_Exercise details_.
From the first line to the last, please reproduce the material exactly, skipping the pictures.

_Recorded data_.
-------

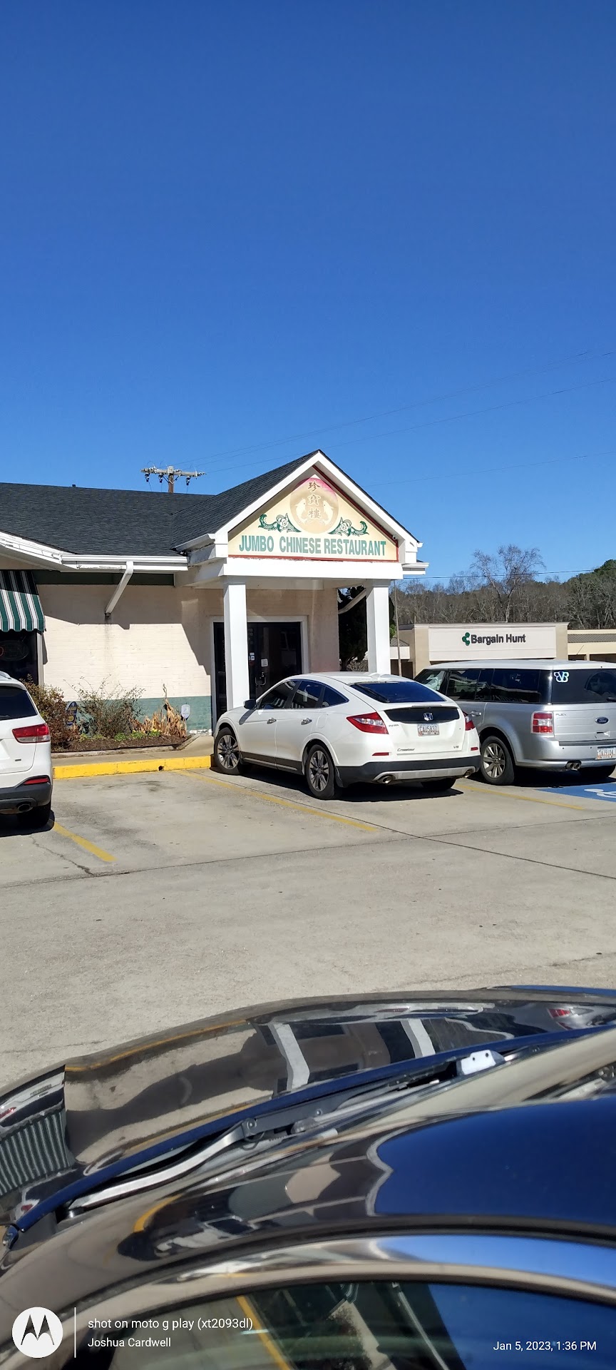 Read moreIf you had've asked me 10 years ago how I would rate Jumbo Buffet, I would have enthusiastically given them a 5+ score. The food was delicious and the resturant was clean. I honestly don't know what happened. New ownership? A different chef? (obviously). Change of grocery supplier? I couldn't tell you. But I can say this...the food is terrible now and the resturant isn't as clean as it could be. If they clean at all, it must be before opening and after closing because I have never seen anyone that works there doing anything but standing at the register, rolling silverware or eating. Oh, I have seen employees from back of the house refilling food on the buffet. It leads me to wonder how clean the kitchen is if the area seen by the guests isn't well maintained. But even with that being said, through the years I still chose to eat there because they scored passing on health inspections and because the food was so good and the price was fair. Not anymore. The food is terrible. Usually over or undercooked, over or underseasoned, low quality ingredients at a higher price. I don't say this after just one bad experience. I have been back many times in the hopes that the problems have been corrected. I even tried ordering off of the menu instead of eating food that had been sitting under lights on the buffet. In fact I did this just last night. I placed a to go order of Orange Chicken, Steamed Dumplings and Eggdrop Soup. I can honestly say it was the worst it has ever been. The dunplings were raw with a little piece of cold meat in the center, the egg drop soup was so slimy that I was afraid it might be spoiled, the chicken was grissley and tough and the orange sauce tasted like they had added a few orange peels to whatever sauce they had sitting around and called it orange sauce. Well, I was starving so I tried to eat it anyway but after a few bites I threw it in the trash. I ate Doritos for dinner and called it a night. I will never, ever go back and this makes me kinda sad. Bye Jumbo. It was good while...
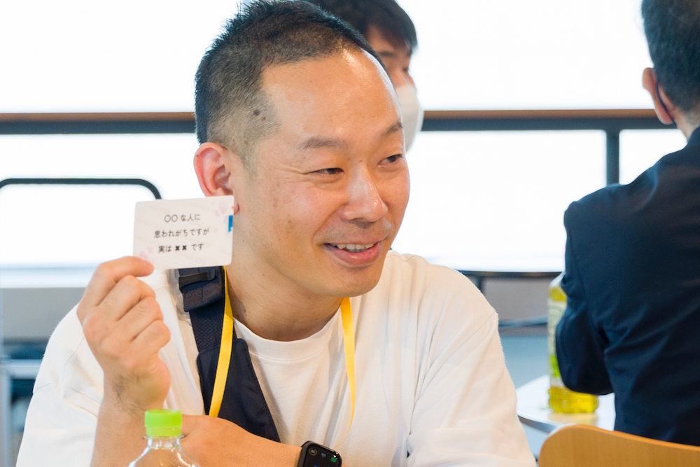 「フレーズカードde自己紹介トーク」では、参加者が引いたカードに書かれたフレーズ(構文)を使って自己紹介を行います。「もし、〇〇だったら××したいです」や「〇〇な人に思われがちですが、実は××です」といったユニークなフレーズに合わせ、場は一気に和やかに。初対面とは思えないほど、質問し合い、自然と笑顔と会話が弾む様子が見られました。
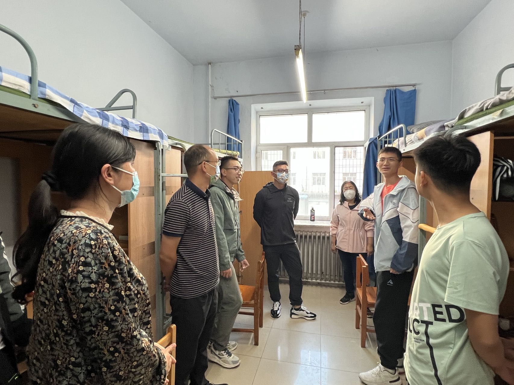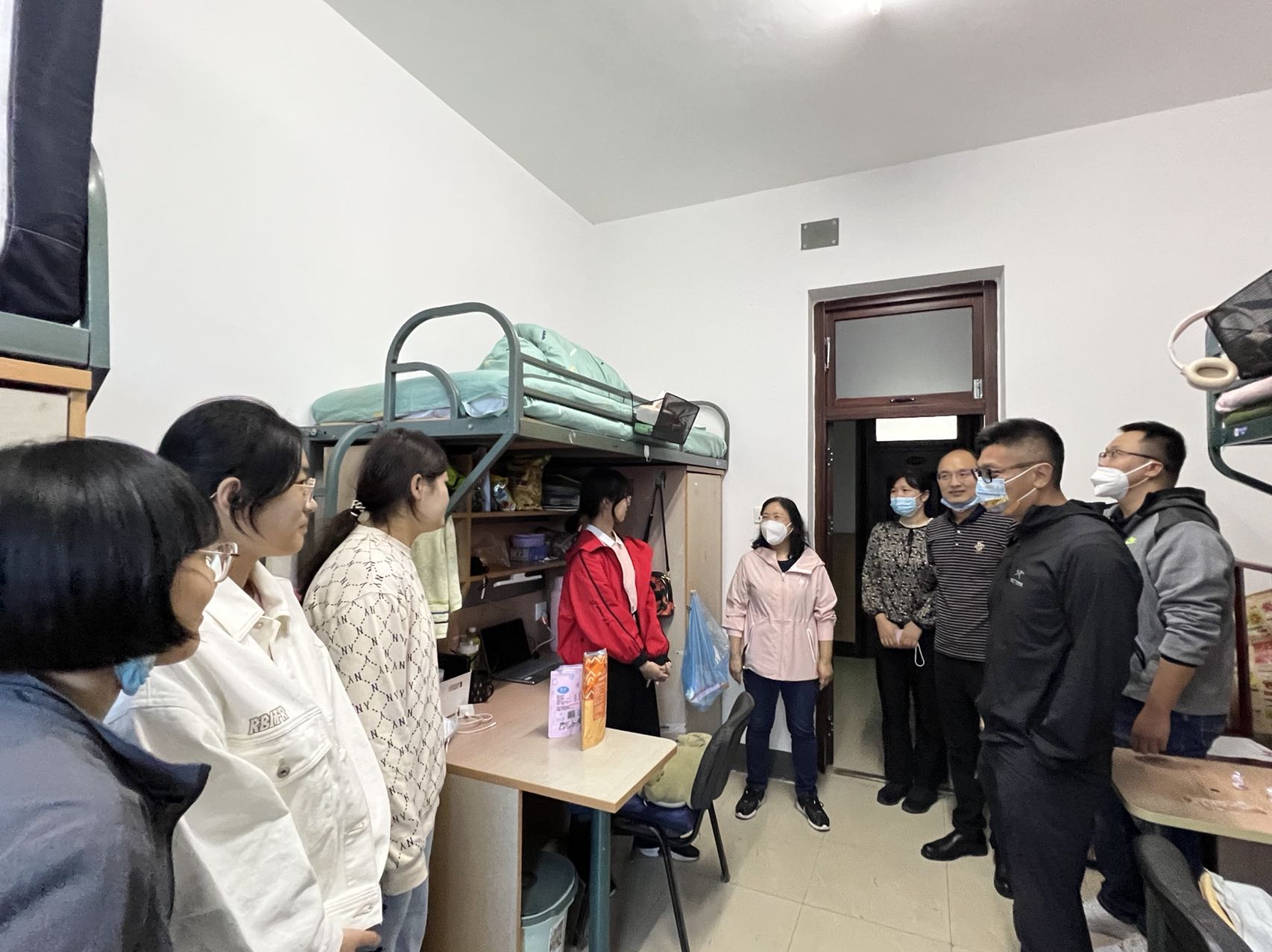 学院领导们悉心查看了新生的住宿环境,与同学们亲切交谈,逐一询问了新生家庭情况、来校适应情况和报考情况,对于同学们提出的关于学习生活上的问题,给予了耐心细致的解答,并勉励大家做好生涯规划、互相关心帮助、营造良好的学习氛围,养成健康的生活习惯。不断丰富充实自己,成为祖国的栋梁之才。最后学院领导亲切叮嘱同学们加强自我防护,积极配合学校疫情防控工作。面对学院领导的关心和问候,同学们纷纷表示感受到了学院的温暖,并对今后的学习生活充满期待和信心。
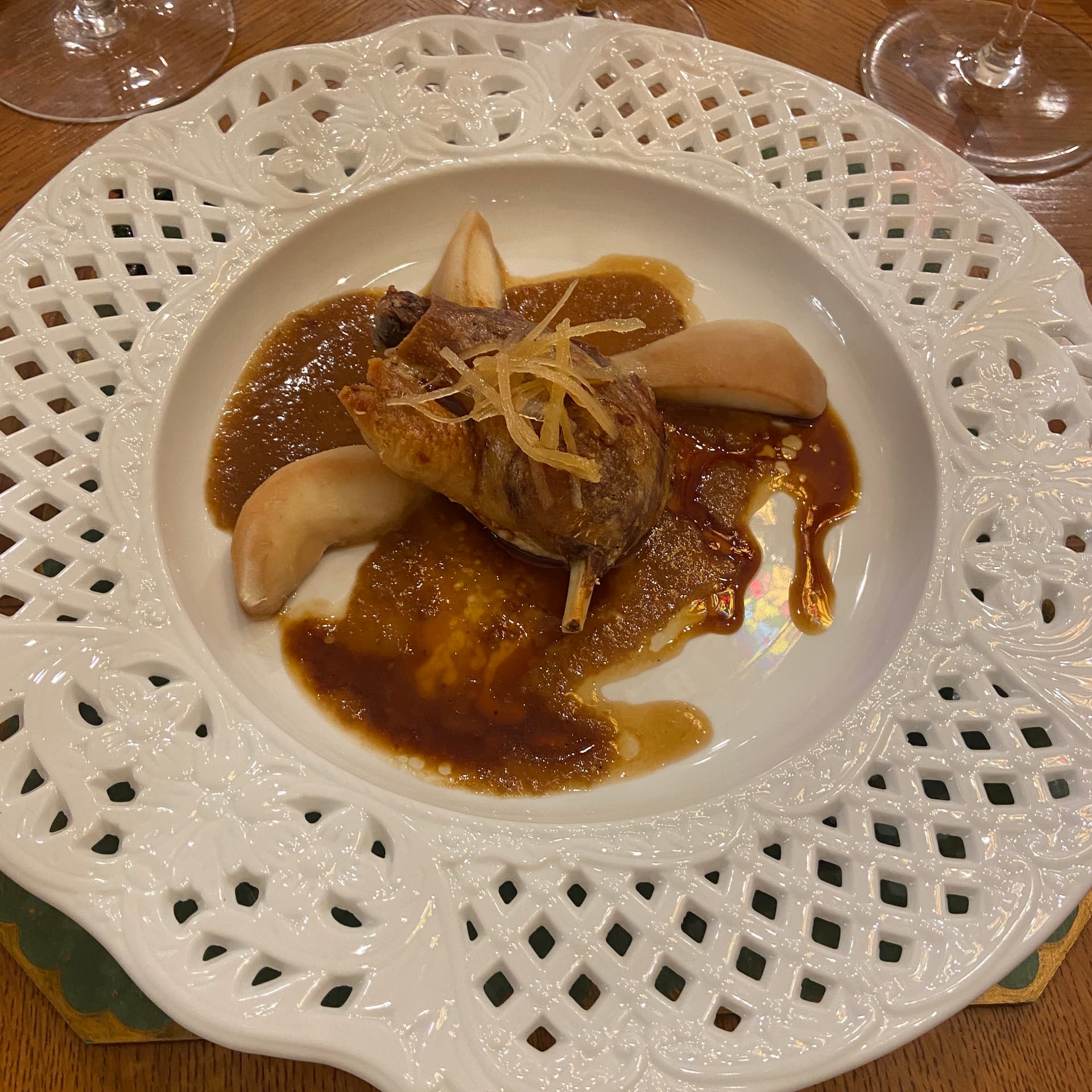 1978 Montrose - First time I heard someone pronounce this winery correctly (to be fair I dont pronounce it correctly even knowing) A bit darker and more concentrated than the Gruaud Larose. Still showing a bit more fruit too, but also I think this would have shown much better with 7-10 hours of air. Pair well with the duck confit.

-------

_Result of this exercise_.
 Read moreIf you had've asked me 10 years ago how I would rate Jumbo Buffet, I would have enthusiastically given them a 5+ score. The food was delicious and the resturant was clean. I honestly don't know what happened. New ownership? A different chef? (obviously). Change of grocery supplier? I couldn't tell you. But I can say this...the food is terrible now and the resturant isn't as clean as it could be. If they clean at all, it must be before opening and after closing because I have never seen anyone that works there doing anything but standing at the register, rolling silverware or eating. Oh, I have seen employees from back of the house refilling food on the buffet. It leads me to wonder how clean the kitchen is if the area seen by the guests isn't well maintained. But even with that being said, through the years I still chose to eat there because they scored passing on health inspections and because the food was so good and the price was fair. Not anymore. The food is terrible. Usually over or undercooked, over or underseasoned, low quality ingredients at a higher price. I don't say this after just one bad experience. I have been back many times in the hopes that the problems have been corrected. I even tried ordering off of the menu instead of eating food that had been sitting under lights on the buffet. In fact I did this just last night. I placed a to go order of Orange Chicken, Steamed Dumplings and Eggdrop Soup. I can honestly say it was the worst it has ever been. The dunplings were raw with a little piece of cold meat in the center, the egg drop soup was so slimy that I was afraid it might be spoiled, the chicken was grissley and tough and the orange sauce tasted like they had added a few orange peels to whatever sauce they had sitting around and called it orange sauce. Well, I was starving so I tried to eat it anyway but after a few bites I threw it in the trash. I ate Doritos for dinner and called it a night. I will never, ever go back and this makes me kinda sad. Bye Jumbo. It was good while...
 「フレーズカードde自己紹介トーク」では、参加者が引いたカードに書かれたフレーズ(構文)を使って自己紹介を行います。「もし、〇〇だったら××したいです」や「〇〇な人に思われがちですが、実は××です」といったユニークなフレーズに合わせ、場は一気に和やかに。初対面とは思えないほど、質問し合い、自然と笑顔と会話が弾む様子が見られました。
 学院领导们悉心查看了新生的住宿环境,与同学们亲切交谈,逐一询问了新生家庭情况、来校适应情况和报考情况,对于同学们提出的关于学习生活上的问题,给予了耐心细致的解答,并勉励大家做好生涯规划、互相关心帮助、营造良好的学习氛围,养成健康的生活习惯。不断丰富充实自己,成为祖国的栋梁之才。最后学院领导亲切叮嘱同学们加强自我防护,积极配合学校疫情防控工作。面对学院领导的关心和问候,同学们纷纷表示感受到了学院的温暖,并对今后的学习生活充满期待和信心。
 1978 Montrose - First time I heard someone pronounce this winery correctly (to be fair I dont pronounce it correctly even knowing) A bit darker and more concentrated than the Gruaud Larose. Still showing a bit more fruit too, but also I think this would have shown much better with 7-10 hours of air. Pair well with the duck confit.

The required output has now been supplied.